Obviously, ‘Likes’ are ‘bad.’ They have been designed, developed and engineered by companies specifically to keep you in thrall to their product, scrolling your life away, refreshing and refreshing, hoping for one more precious interaction. And they hold tangible influence over the way we construct ourselves. You don’t need a psychology degree to identify that it’s ‘validating’ for someone to ‘Like’ your posts. So if you see someone getting more ‘Likes’ than you for ostensibly similar posts, is it not tempting to wonder… how come? Is this person funnier than me? More interesting? More attractive? Are they worth more than me?

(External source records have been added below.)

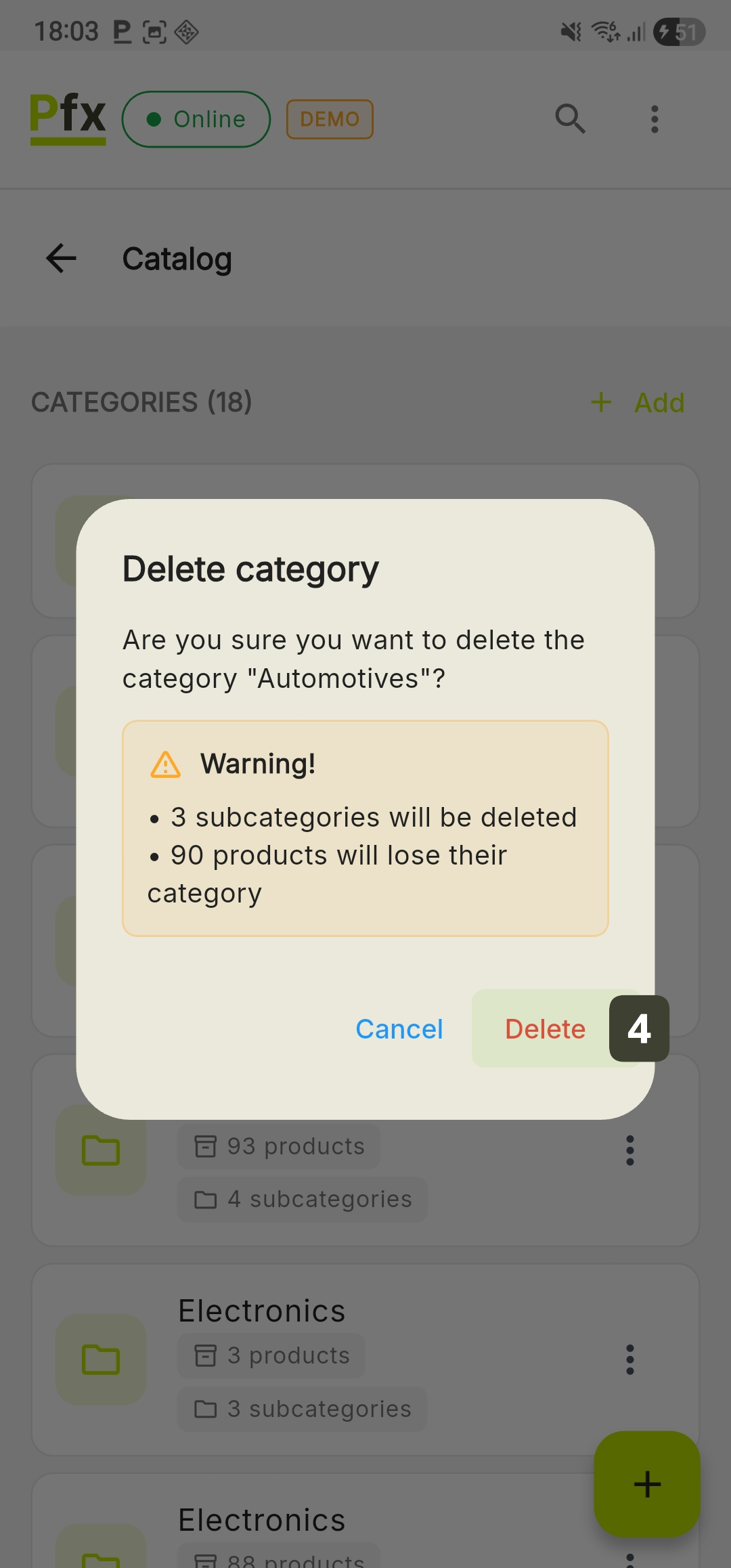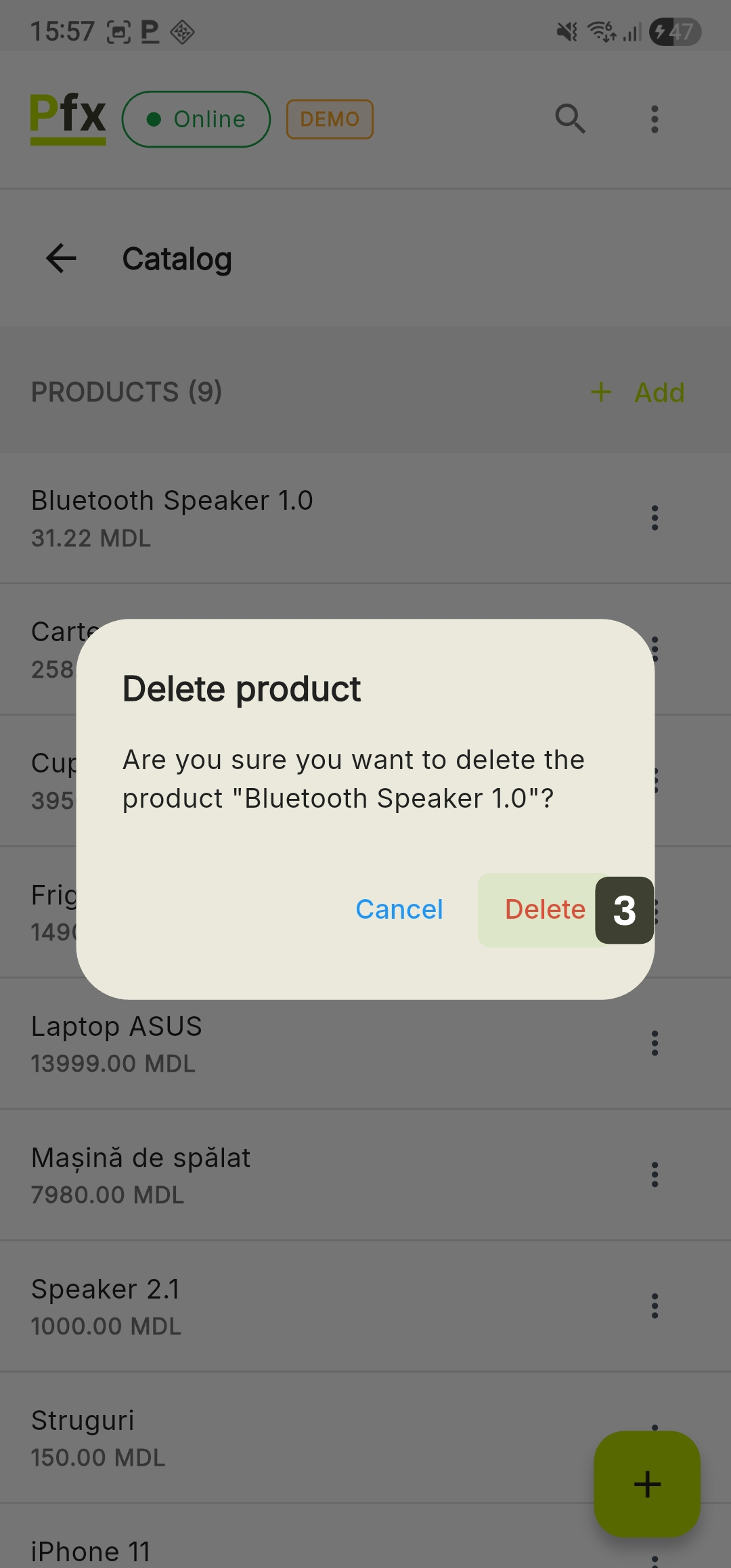 Locally irreversible action: Once confirmed, the deletion removes the product from the terminal interface.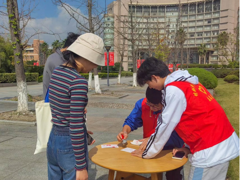 游校园,集“材”气。校友们从24号楼出发,经过6个设置的校园经典打卡点,戳章集“材”气。为了使校友们深入学习党的二十大精神和校史校情,学生活动中心打卡点和丝绸博物馆打卡点分别设计了二十大问答题和校史校情问答题,丰富了校友们的精神世界。校园内每一步、每一处都留下了属于校友们的痕迹。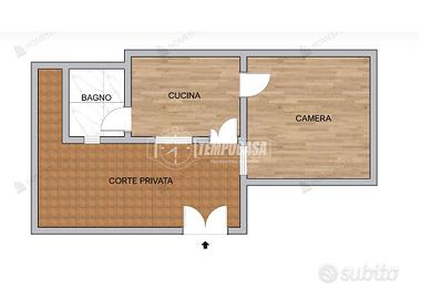 L'immobile è composto da ingresso su cucina abitabile, camera da letto matrimoniale, bagno finestrato con box doccia.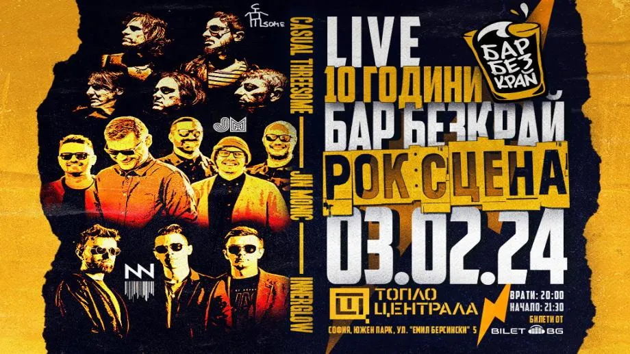 Innerglow, Casual Threesome и Jin Monic ще отбележат със специално послание "Предай нататък" десетия безкраен рожден ден на бара, който дава възможност на млади и непознати творци за развитие и рок-ен-рол спасение.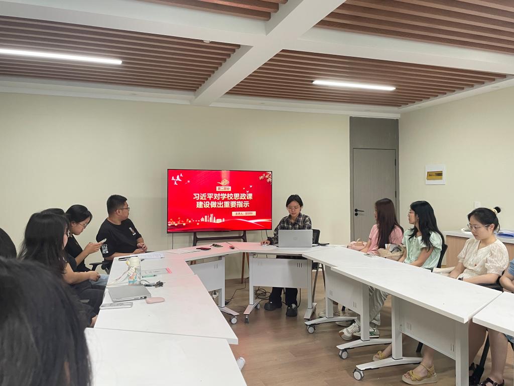顾宇轩同志以5月11日在北京召开的新时代学校思政课建设推进会为切入点,带领支部党员学习了习近平总书记对学校思政课建设做出重要指示的相关内容。她介绍到,习近平总书记强调,各级党委(党组)要把思政课建设摆上重要议程,各级各类学校要自觉担起主体责任,不断开创新时代思政教育新局面。
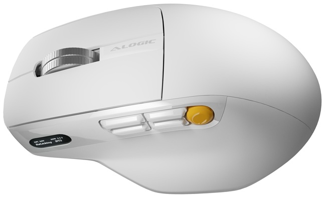 Its ergonomic design features near-silent main buttons, a thumb rest, and on-screen battery display. It supports Bluetooth and 2.4GHz connections for cross-platform compatibility.

Well, according to that ‘Like’ counter — yes! ‘Likes’ not only reinforce but make explicit the social hierarchies which govern our collective self worth. Of course we are affected.

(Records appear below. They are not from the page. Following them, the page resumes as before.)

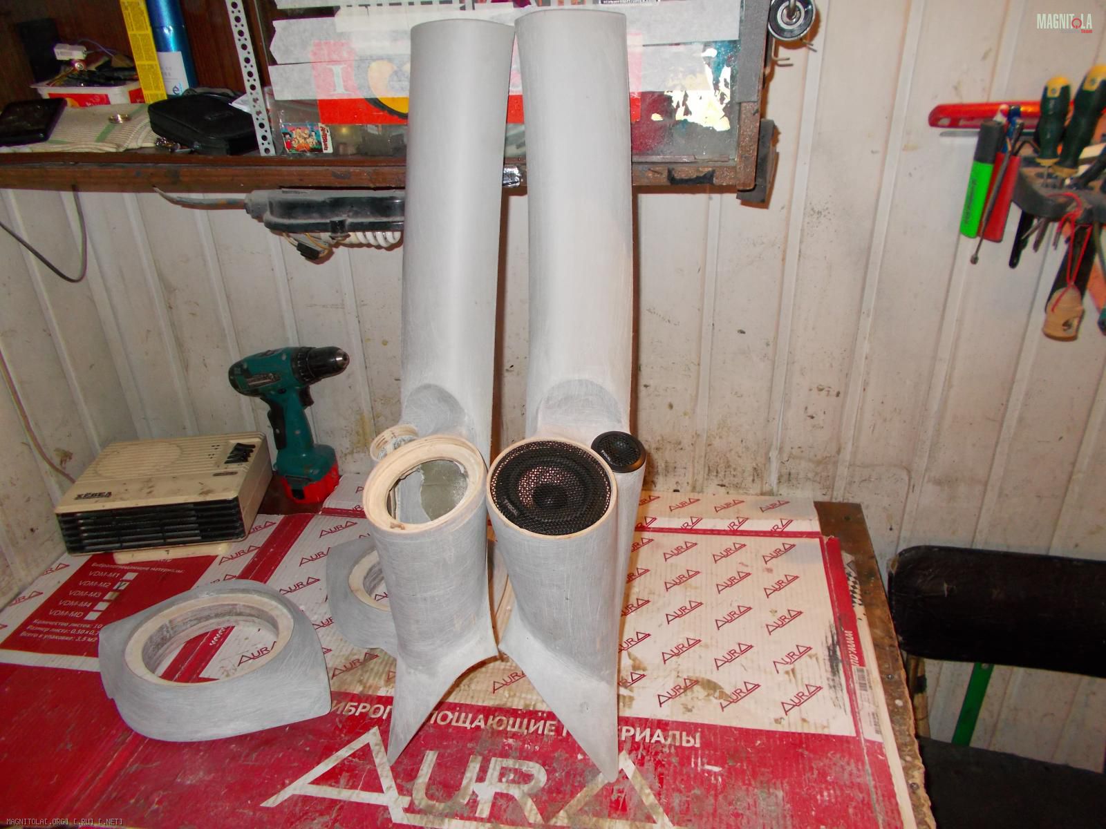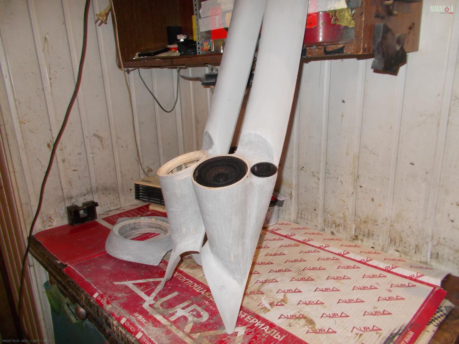 Направление стоек решили изменить и направить их на противоположного слушателя, (ранее делал их с большим доворотом в центр салона) именно так сделано у меня в автомобиле. Послушав, ему оно пришлось по душе, что в итоге сказалось очень и очень положительно, как на звуке, так и по перегораживанию обзора со стороны водителя.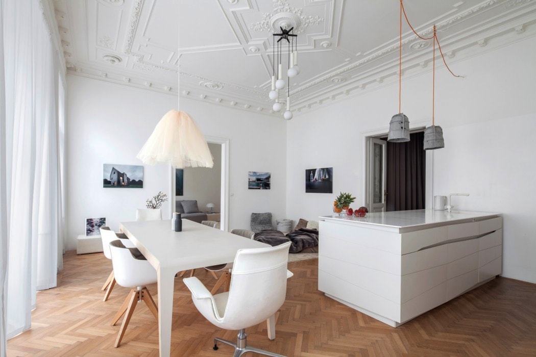Наконец, чтобы подчеркнуть разделение пространств и создать красивое украшение кухни, открытой для гостиной, вы можете подчеркнуть разделение между различными частями помещения посредством украшения стены и освещения. Поэкспериментируйте с подвесками, чтобы выделить силуэт вашего кухонного острова, установите светлые полоски на полу открытой кухни, размещенной на платформе. Подумайте об украшении торшерами для чтения в углу и прикроватными лампами для ваших журнальных столиков и консолей.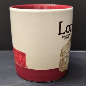 Starbucks 2015 London Global City Icon red/cream ceramic coffee mug.

But they are far from meaningless. They are one of the primary means by which algorithms collate truly frightening amounts of detail about you. Mostly, this is to manipulate you into buying products; tailoring your ‘user experience’ and the content you get ‘served’ until it finds you at your most suggestible to consumption.
What’s more, ‘Likes’, shares, views, subscribers, followers, traffic, dwell time, organic reach etc. are what our media, our consumer habits, our leisure activities, our beauty standards, the food we eat – our entire reality – is configured around. It would be easier if these things really were worthless internet points, but they are a demarcation of value which we’ve come to rely on.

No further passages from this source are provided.